**Material for this task**
-*-

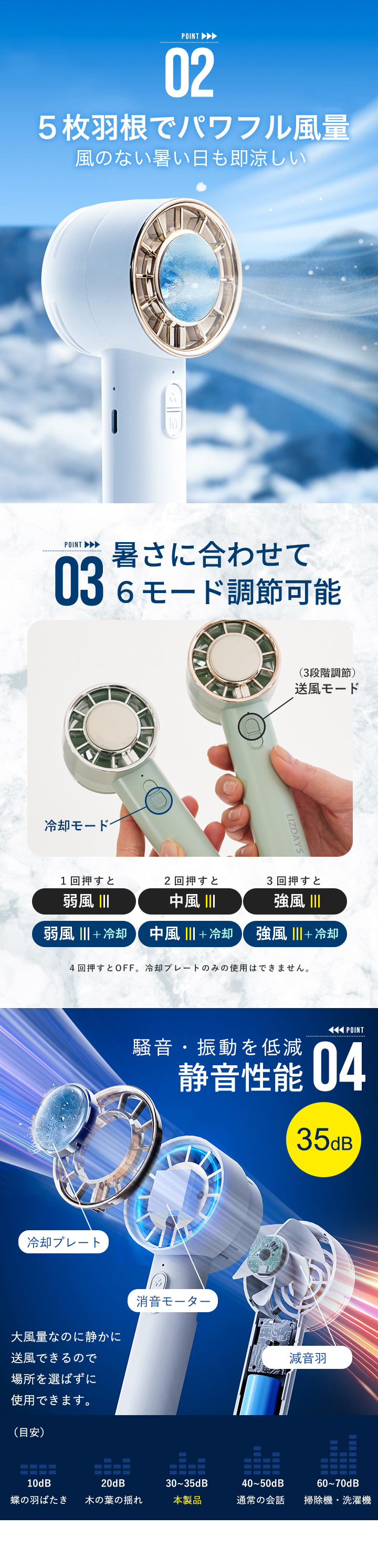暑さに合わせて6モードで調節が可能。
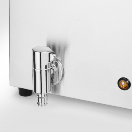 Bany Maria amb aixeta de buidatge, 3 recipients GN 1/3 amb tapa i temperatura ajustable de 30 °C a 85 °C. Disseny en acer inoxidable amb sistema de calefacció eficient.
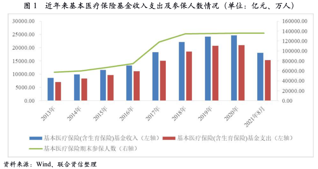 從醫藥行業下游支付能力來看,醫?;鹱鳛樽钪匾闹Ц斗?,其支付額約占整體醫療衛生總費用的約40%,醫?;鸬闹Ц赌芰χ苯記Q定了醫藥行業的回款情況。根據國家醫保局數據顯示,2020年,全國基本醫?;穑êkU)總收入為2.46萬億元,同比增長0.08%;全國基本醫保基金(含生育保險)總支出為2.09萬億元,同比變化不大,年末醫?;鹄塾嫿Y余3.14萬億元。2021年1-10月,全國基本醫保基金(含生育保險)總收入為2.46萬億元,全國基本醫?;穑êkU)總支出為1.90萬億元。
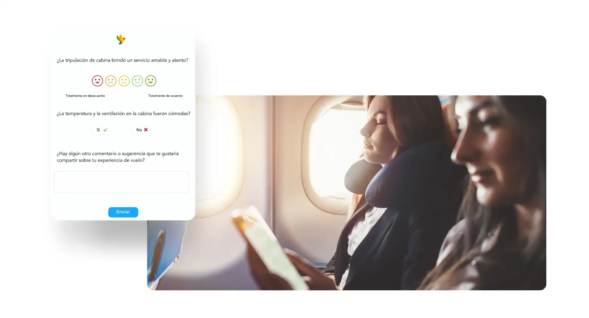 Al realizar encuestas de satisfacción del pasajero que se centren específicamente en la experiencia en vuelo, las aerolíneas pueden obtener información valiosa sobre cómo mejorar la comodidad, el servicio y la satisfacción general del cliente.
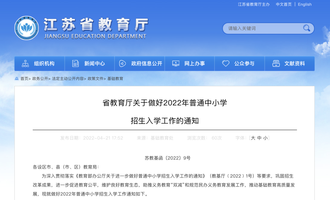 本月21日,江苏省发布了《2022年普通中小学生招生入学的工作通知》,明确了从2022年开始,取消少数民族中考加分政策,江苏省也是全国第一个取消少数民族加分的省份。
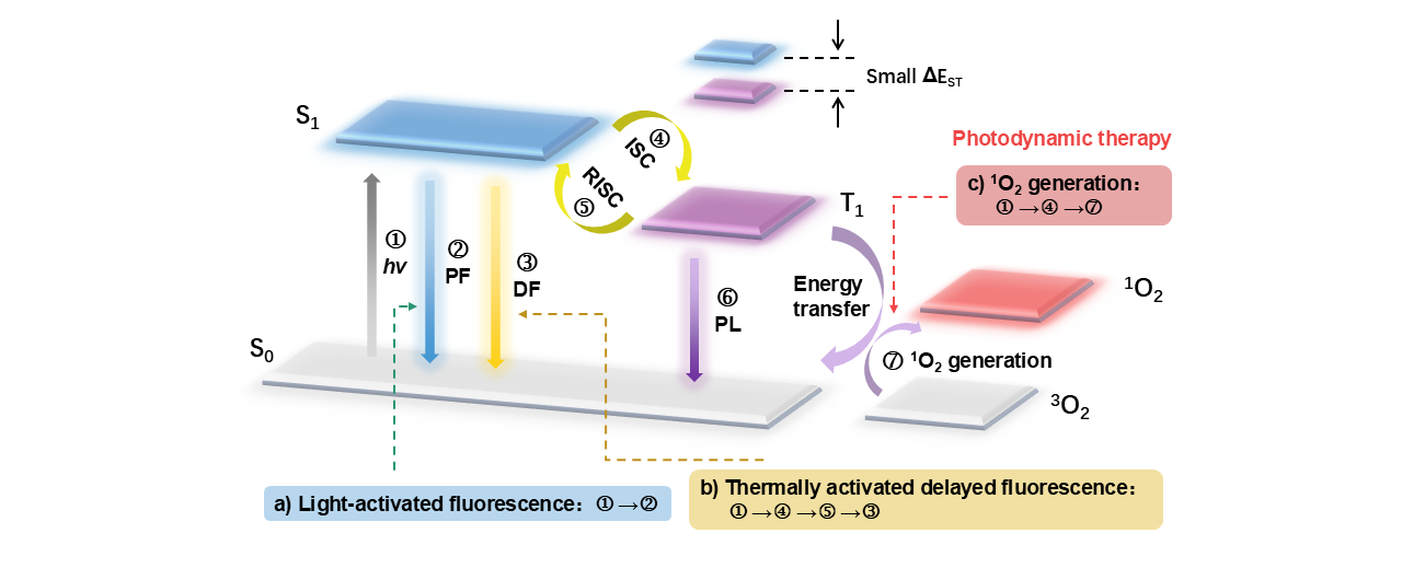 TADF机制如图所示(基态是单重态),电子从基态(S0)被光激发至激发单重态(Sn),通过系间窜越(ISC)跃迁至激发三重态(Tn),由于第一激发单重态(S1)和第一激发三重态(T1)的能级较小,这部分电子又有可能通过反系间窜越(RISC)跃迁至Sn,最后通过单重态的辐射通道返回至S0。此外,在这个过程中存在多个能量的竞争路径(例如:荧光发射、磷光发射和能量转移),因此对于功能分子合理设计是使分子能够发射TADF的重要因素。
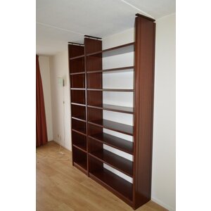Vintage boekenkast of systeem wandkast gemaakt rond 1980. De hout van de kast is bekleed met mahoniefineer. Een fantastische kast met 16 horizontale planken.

-*-

**Brief**
Word for word, output the lines from the beginning of the listing through the line holding "從醫藥行業下游支付能力來看,醫?;鹱鳛" and nothing beyond them. Omit the pictures.

**Written answer**
暑さに合わせて6モードで調節が可能。
 Bany Maria amb aixeta de buidatge, 3 recipients GN 1/3 amb tapa i temperatura ajustable de 30 °C a 85 °C. Disseny en acer inoxidable amb sistema de calefacció eficient.
 從醫藥行業下游支付能力來看,醫?;鹱鳛樽钪匾闹Ц斗?,其支付額約占整體醫療衛生總費用的約40%,醫?;鸬闹Ц赌芰χ苯記Q定了醫藥行業的回款情況。根據國家醫保局數據顯示,2020年,全國基本醫?;穑êkU)總收入為2.46萬億元,同比增長0.08%;全國基本醫保基金(含生育保險)總支出為2.09萬億元,同比變化不大,年末醫?;鹄塾嫿Y余3.14萬億元。2021年1-10月,全國基本醫保基金(含生育保險)總收入為2.46萬億元,全國基本醫?;穑êkU)總支出為1.90萬億元。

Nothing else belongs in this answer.